Now, we have one more thing to consider. For our income statement accounts, we want all twelve months worth of data. For our balance sheet accounts we want just the most recent period. Let’s take a look at our final query:
---Sample Net Cap Rate Query
SELECT
f.*
FROM
[SampleDatabase].[dbo].[financialdata] f
WHERE ((f.[AccountName] = 'Rental Revenue' OR
f.[AccountName] = 'Fee Revenue' OR
f.[AccountName] = 'Bad Debt' OR
f.[AccountName] = 'Revenue Reductions' OR
f.[AccountName] = 'Maintenance Expenses' OR
f.[AccountName] = 'Turnover Expenses' OR
f.[AccountName] = 'Utility Expense' OR
f.[AccountName] = 'Insurance Expense' OR
f.[AccountName] = 'Property Taxes') AND
f.[FinancialPeriod] >= '2022-03-01' AND
f.[FinancialPeriod] <= '2023-03-01') OR
((f.[AccountName] = 'Purchase Price' OR
f.[AccountName] = 'Closing Costs' OR
f.[AccountName] = 'Initial Capital Expenditure' OR
f.[AccountName] = 'Other Capitalized Costs') AND
f.[FinancialPeriod] = '2023-03-01')
As you can see, we bifurcated our income statement and balance sheet data to specify different financial periods. This query will generate an output we can use to calculate our net cap rates per investment management’s request.
Data Exploration
As you know, I love R Studio. It is intuitive, fast, and flexible. Of all the data analysis tools I have used, this IDE takes the cake. However, sometimes I just want to look at the raw data.
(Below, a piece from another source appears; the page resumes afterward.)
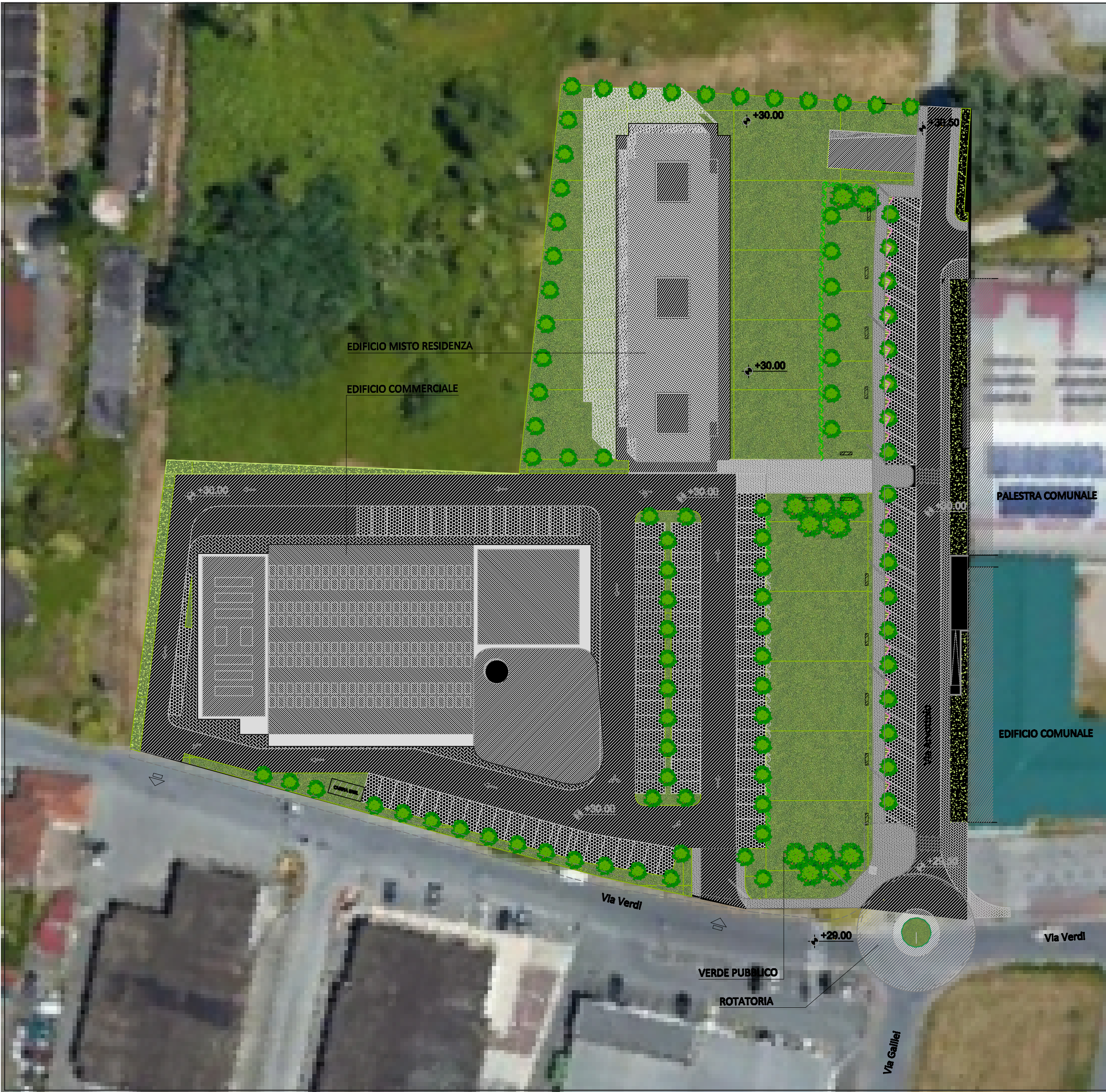
Planimetria complessiva con fotoinserimento

An Excel or .csv output allows me to quickly apply filters and find out what questions I need to ask the business.
I could do this in R, and sometimes it would even be faster to do so. However, when communicating with the business, it is a lot easier to explain an Excel file. Creating Excel exports in R is easy, as I have previously discussed in my Adding Credibility article series.
Again, let’s use the net cap rate example. Investment management has a roundabout way of getting to the same result. They need me and my team to create a pipeline that will free up their time for more pressing matters. However, they know enough to be dangerous, and any variance between my results and theirs will be questioned at length.
In my experience, the best approach is to preempt these questions with a reconciliation that I send in conjunction with my deliverable. Let’s imagine we wrote the query from above to a SQL Server, and accessed the table via R. This way we can do our data analysis in a tool that is best suited for the task. At various stages in my workflow, I’d export the data to Excel using openxlsx
, and reconcile it with the investment management team’s result. Upon discovering discrepancies, we can point the business to where the disconnect is and determine the cause.
Closing Thoughts
Excel is a great tool. We can speed up manual query writing processes and communicate data reconciliations with non-code business users. The latter in particular is invaluable in moving a data asset into production. Based on where the discrepancies arise, you may need to return to the drawing board with your analysis. On the other hand, maybe you have discovered a flaw in existing methodologies or with the underlying data. By exporting this data to Excel, you can communicate the possible flaw to decision makers who can rectify the error
Alec A. Nathan is the Director of Research and Data Analytics at Sylvan Road Capital. A graduate of the University of Georgia, Alec specializes in real estate investment and data science. Please direct any inquiries to anathan@sylvanroad.com.
Net cap rate looks at our annualized Net Operating Income (NOI) and divides it by our total cost basis.
NOI is a simple measure of the profitability of revenue generated by your day-to-day business. The calculation is Net Revenue - Operating Expenses. This metric is an industry standard. All real estate businesses, and in our case SFR, are measured on NOI performance.